Changing Scenery On The Smallholding.

 The Red Admiral (Vanessa Atalanta) butterfly's were busy working on Saturday in our smallholding garden.  They love nettles and Buddliea davidii (was it named after me: Dave?) and they go to Portugal and Africa for the Winter.  I make cuttings of the buddliea's every Autumn. It's really technical.  Cut yourself a cutting about six inches (or longer) and stick it in the soil in ye oldie veg plot.  Come next Spring it will start sprouting leaves and (hopefully) it will have roots.  Fuchsia and all manner of hedging plants can be replaced in the same way.  Your only worry is if old Jack Frost pays a visit and paints them one night.  They are pretty hardy though and if you leave them long enough they will recover.  The good thing about making Autumn cuttings is that the soil is still warm and you get plenty of rain so you don't need to worry about watering them.
 Somewhere in that photograph is a honey beer getting rather inebriated on the old Fuchsia pollen.  'Fuchsia beer' that's got a ring to it, hasn't it?  Perhaps I should start my own micro real ale brewery here in Ireland?


 My Rosa Rugosa shrub is making some lovely rose hips at the moment.  The Rosa Rugosa makes a great seaside hedge and is very salt tolerant.
Beautiful Bantry Bay.  Immortalized in song and not a boat to be seen.  That's the Beara Peninsula in the distance.  I wish there was a boat to take us around to Kenmare.  People always comment on the amazing view when they visit our farm.  I give them my grandmother's quote:

"The view won't feed you."

It is rather beautiful though.  God must have sent his artists and sculptors when he made Bantry Bay.

16 comments:

  1. Yes, autumn's on its way now, looks like a bumper crop of brambles here this year, big and juicy-looking but not many turning colour just yet, they'll all come at once.

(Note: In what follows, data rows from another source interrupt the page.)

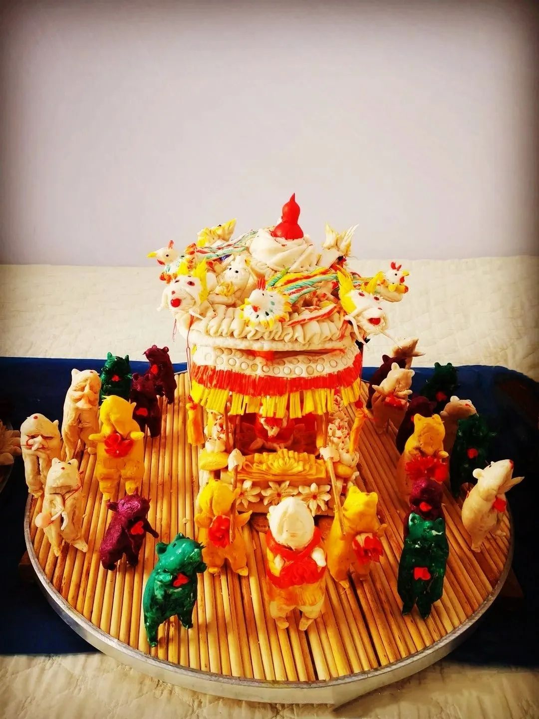 由于托克托縣地理位置獨(dú)特,早在清朝時(shí)期是塞外聞名的“水旱碼頭”,這里交通便利,經(jīng)濟(jì)繁榮??涤呵瑫r(shí)期兩翼土地的放墾,成為口外漢族村落形成的主要原因。到乾嘉之際,土默川縱橫900余里田陌相望,農(nóng)商兩業(yè)日臻繁盛。大批山西、陜西、河北等地農(nóng)民、商人、小手工業(yè)者紛紛來到這里種田、經(jīng)商及傳授手工技藝。從而晉陜地區(qū)的捏面人手工技藝也被帶到托克托縣地區(qū),在這里漢族和少數(shù)民族(主要是蒙古族)相互融合,形成了獨(dú)具特色的托克托縣面塑技藝。內(nèi)蒙古自治區(qū)級(jí)非物質(zhì)文化遺產(chǎn)代表性傳承人薛籽女,托克托縣章蓋營村人,是自治區(qū)級(jí)托克托縣面塑傳承人,下面展示的是她創(chuàng)作的面塑作品:《老鼠娶親》、《鼠年抗疫情》、《千手觀音》。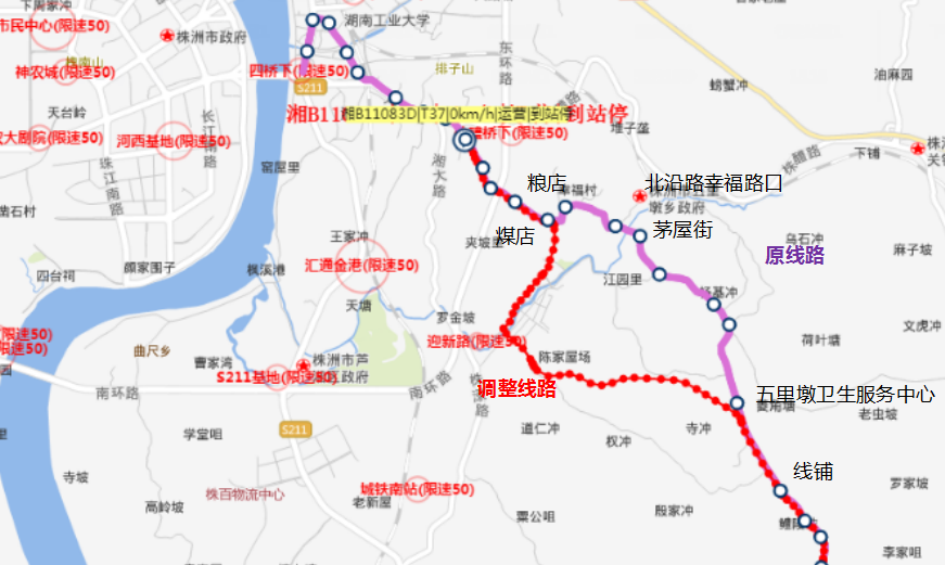 上行:五里墩卫生服务中心-千亿大道路口-关口-关口桥-毛屋村-茅屋街-北沿路幸福路口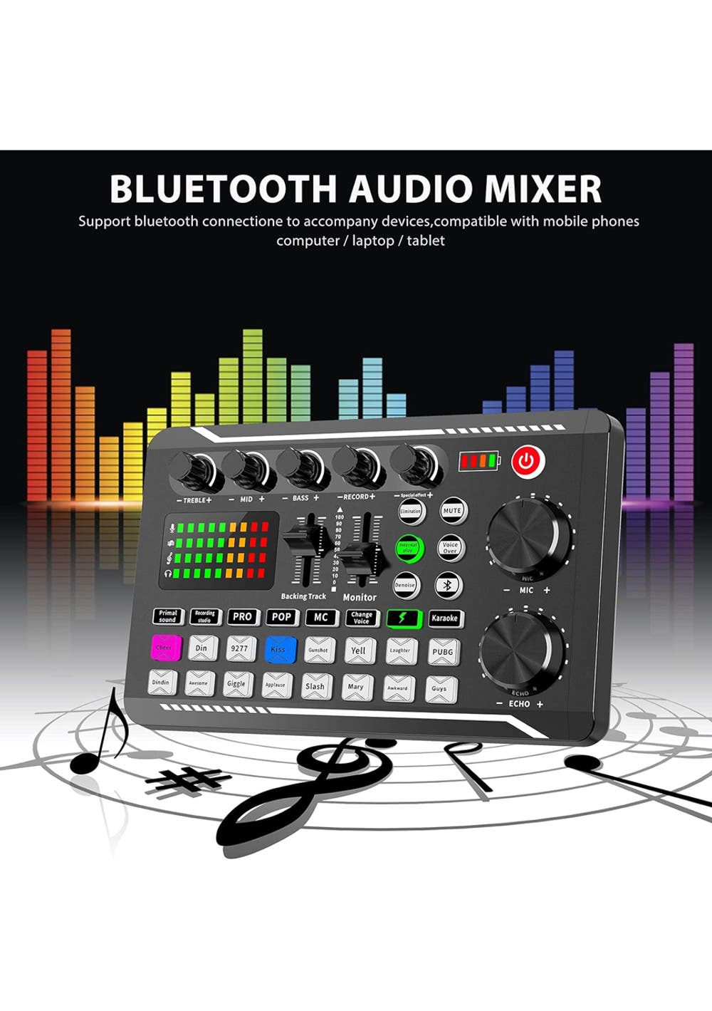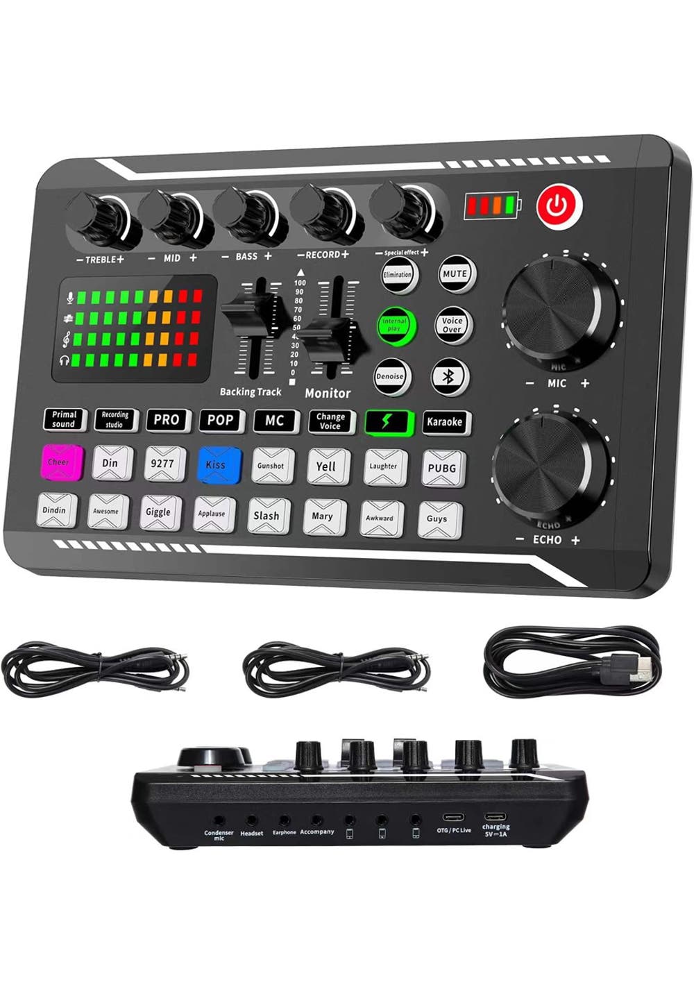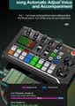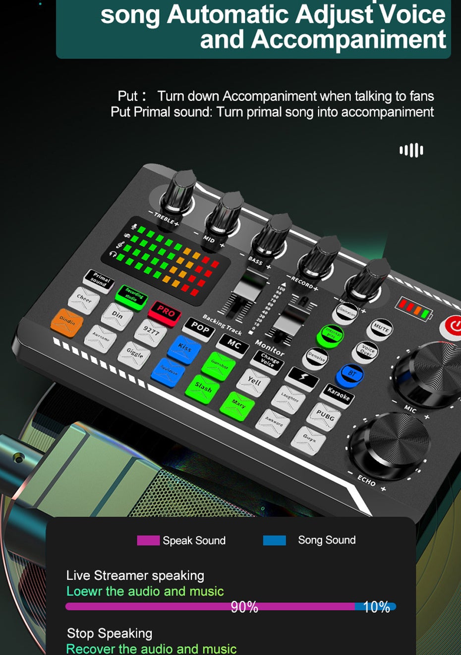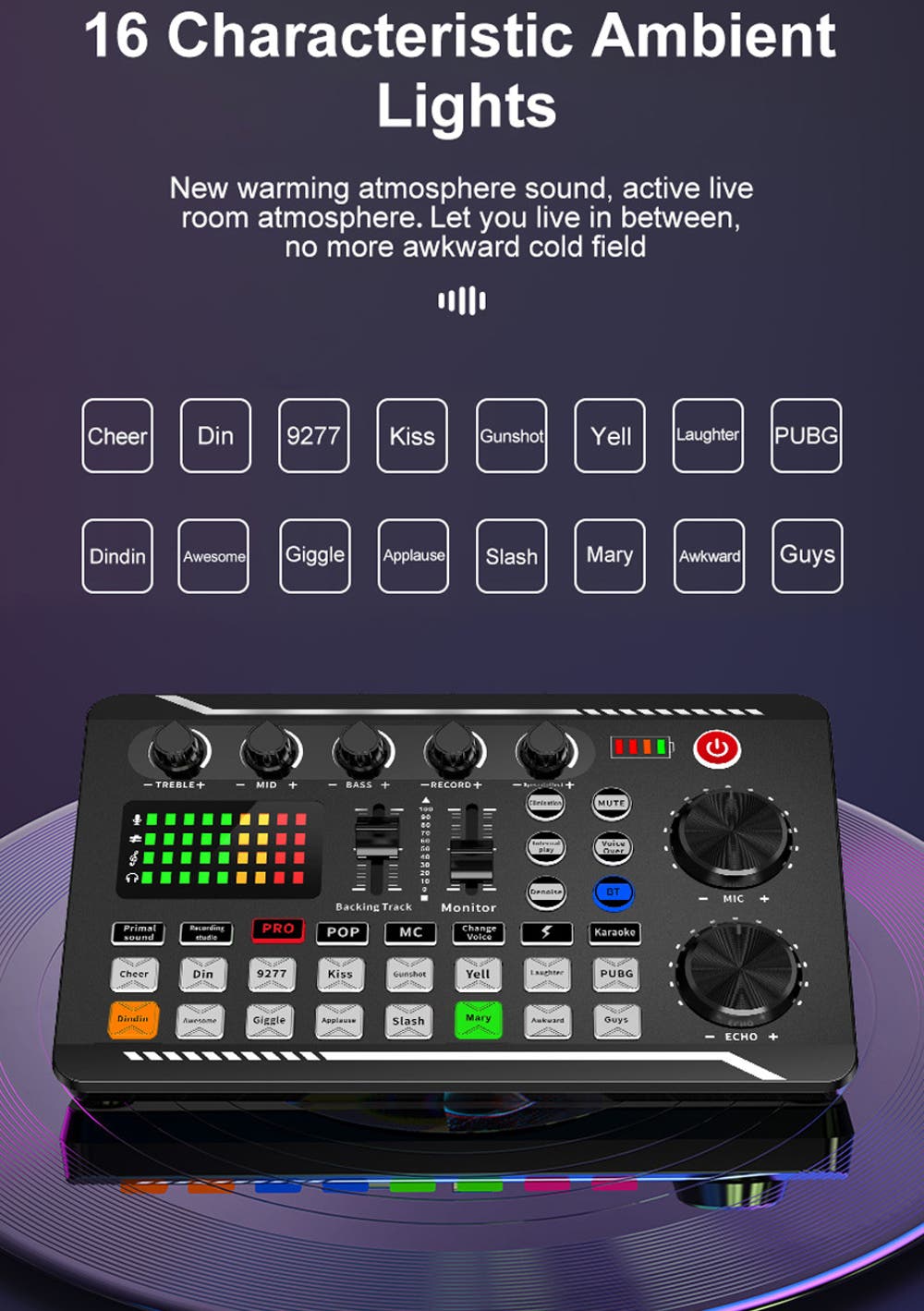Professional F988 Sound Card: The newest F988 Live Sound Card features imported DSP dual chip technology, Bluetooth wireless accompaniment, double thruster precise adjustment, and advanced intelligent light control. The console lights beat according to the music, enhancing your concert's excitement.

I think a gallon of bramble wine and maybe a bottle or two each of bramble gin and vodka. Made some last year but put too much sugar in, it would probably be OK to make a long drink with lemonade.

    Rose hips look well, we used to spend hours picking the hedgerow variety and taking them to school, 4d per 1lb we got, seemed like a fortune in those days. Everybody had a bottle of Rose Hip Syrup in the kitchen and we were dosed with it by the spoonful daily, supposedly to ward off coughs and colds. Never seem to see it now, and nobody bothers picking them. Might even pick a few and try making some, I won't have any competition for them.

    Love that study of Bantry Bay, you must have figured out how to remove the date as well?

    ReplyDelete
  2. Autumn is coming early here in SW France. Normally at this time of the year we are in the middle of a long, long, summer, but this year we have not had many sunny days, and the mornings and evenings are already chilly. The French people are not used to such a long stretch of such weather, but it has felt like a 'normal' English summer!
    Love the photo of Bantry Bay......

    ReplyDelete
  3. Yes the seasons are a changing
    Bantry bay is magnificent

    ReplyDelete
  4. Hi Cumbrian. The nights seem to be drawing in really fast and the temperature seems to be dropping rapidly. Got the range lit every day now. I notice people gathering brambles at the roadsides. Don't suppose they will be that polluted now that petrol is unleaded? How do you make bramble vodka?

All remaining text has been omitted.